The piece of advice we did not take was to wait. We made the decision to raise our first fund against the general advice we received at the time. We viewed raising a fund not unlike doing your first deal. If you’ve never done a deal, you can’t appreciate the learning until you jump in and do it for the first time.

Similarly, raising and managing a first fund has its own learning curve. Some LPs won’t invest in a first-time fund purely for this reason, just like they won’t invest in a sponsor’s first deal. In the end, we are happy we bit the bullet on our fund I despite the heavy lift. It’s been a wonderful experience, and we’ve learned so much. Furthermore, a lot of the investors we met during our fund I raise who did not invest at that time have tracked our progress since then and are now great prospects for a fund II raise.

Like anything in life, if you want to do it, you’ve just got to do it.

With emerging manager programs on the rise, what do you foresee with respect to LPs’ willingness to invest with emerging managers?
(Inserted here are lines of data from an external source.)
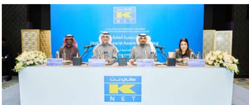
جانب من العمومية

الخسنام بان "كي نت" وفي ظل سياستها التطويرية المستمرة، تواصل ترسيخ حضورها الفعال في السوق الكويتي مع القنمى المستمر في حجم العمليات الإلكترونية والذي ينعكس بدوره على تحقيق رؤية دولة الكويت في التحول الرقمي وتقليل الاعتماد على الدفع النقدي. ولعل أبرز ما حققته الشركة كان طرحها لخدمة "مض" للدفع الفوري والتي قدمت لمستخدميها تجربة فريدة وغير مسبوقة من حيث السرعة والأمان في تحويل المبالغ بين الحسابات المصرفية الشخصية. وترتكز "مض" في المقام الأول على توفير بيئة دفع آمنة وموثوقة من خلال تعزيز البنية التحتية الحالية والعمل على بناء أنظمة دفع جديدة، بالإضافة إلى تطوير كفاءة الخدمات في السوق المحلي والإقليمي. وفور استكمالنا لتدشين هذه الخدمة، بدأنا بالعمل على المرحلة التالية من "مض" والذي نهدف إلى أن يكون الوسيلة الأولى لجميع أنواع التحويلات المالية في الكويت.
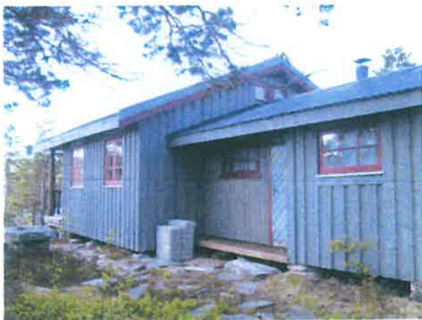
Myhr sin hytte: Den opprinnelige hytta er utvidet med et påbygg.
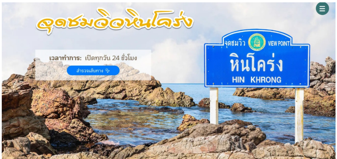
รูปที่ ค.17 ตัวอย่างเนื้อหาในเว็บไซต์ (รูปที่ 11)
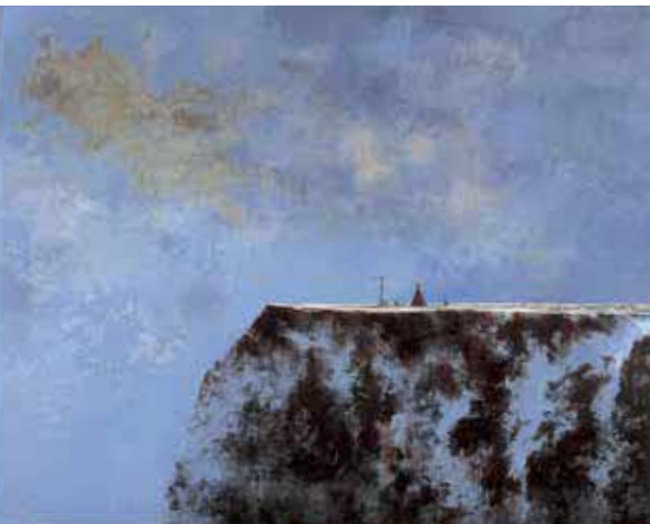
〈海霧(07. オダイト)〉2007(平成19)年 北海道立釧路芸術館蔵 *後期展示予定
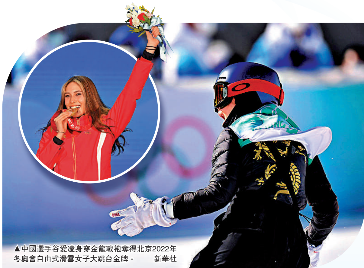
▲中國選手谷愛凌身穿金龍戰袍奪得北京2022年冬奧會自由式滑雪女子大跳台金牌。
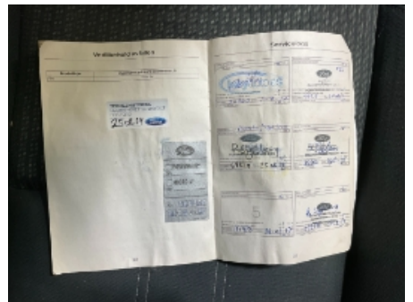
21. Nøkler / Utstyr

DE: Generally, there’s a lot of willingness from LPs to consider emerging managers. Though the fundraising environment is tough right now, we are hearing from a lot of groups that have dedicated resources to emerging managers and specific mandates to invest in emerging managers. Investors are holding off on commitments or making smaller commitments given the limited liquidity coming back from prior funds, but there is still an appetite for emerging managers. This is a better part of the market to be in right now.
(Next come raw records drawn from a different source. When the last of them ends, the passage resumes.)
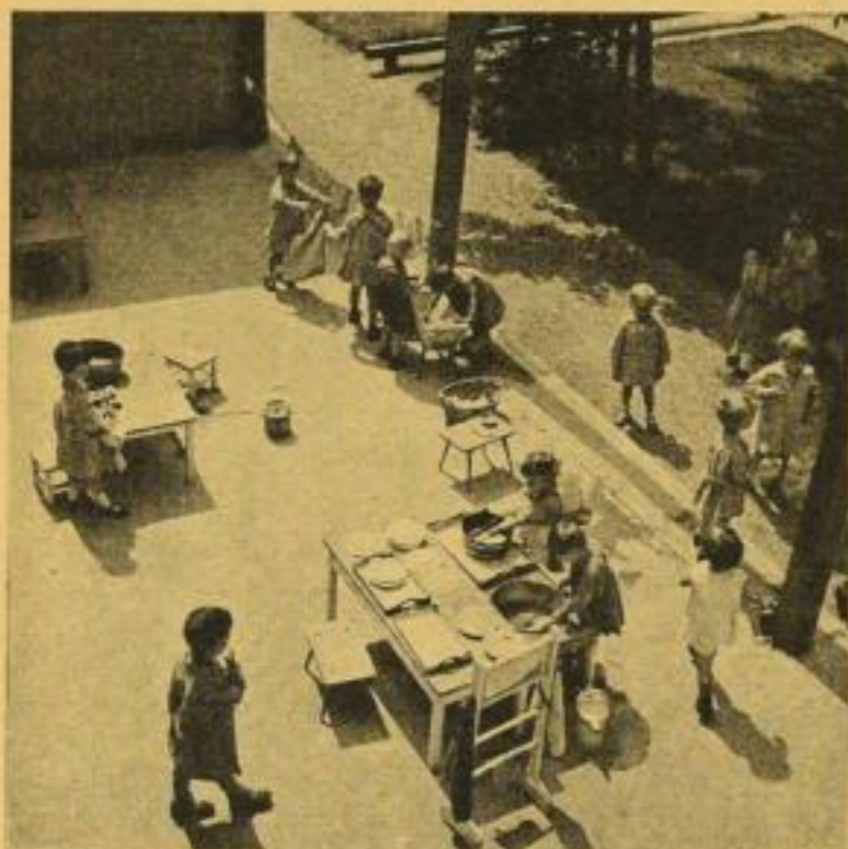
Hauswirtschaftliche Arbeiten im „Haus der Kinder“

MONATSHEFTE FÜR ARCHITEKTUR UND RAUMKUNST. XXXIII. JAHRGANG
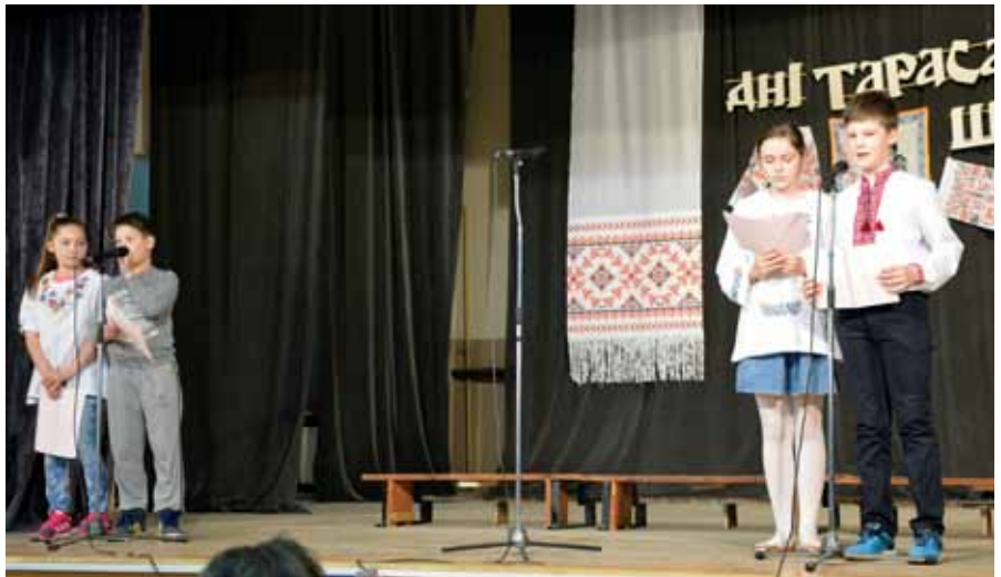
Діти, які вивчають українську мову в початкових школах Вербасу
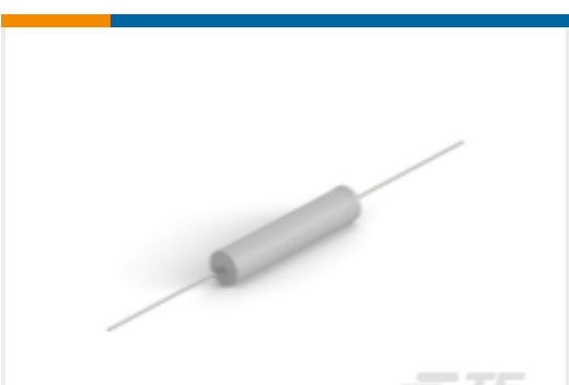
TE 产品编号9-2176415-1 8W STD M/OX 5% 160K

McGuireWoods has done a nice job with its Emerging Manager Conference in creating a forum to bring us together. The support for emerging managers is strong when you consider the meeting’s impressive attendance.

About Dean Emmerton

Dean Emmerton is a founder and managing partner of Emko Capital since 2017. Prior to Emko, Emmerton was an associate partner at McKinsey & Co., where he served industrial manufacturing clients on strategy and operations. Previously, he was a project engineer at Celgard and a manufacturing engineer at the chemical division of Milliken & Co. Emmerton received his B.S. in chemical engineering with honors from University of South Carolina and his MBA from Harvard Business School, with distinction.

About Joshua Kowitt

Joshua Kowitt is a founder and managing partner of Emko Capital since 2017. Prior to Emko, Kowitt was an associate partner at McKinsey & Co., where he co-founded and led the firm’s North America airport practice. Kowitt previously served as CEO of Collegeboxes, a provider of shipping and storage services to college students. Collegeboxes was sold in 2008 and is now owned by U-Haul. Kowitt received his B.A. in political science from Washington University in St. Louis and his MBA from The Wharton School.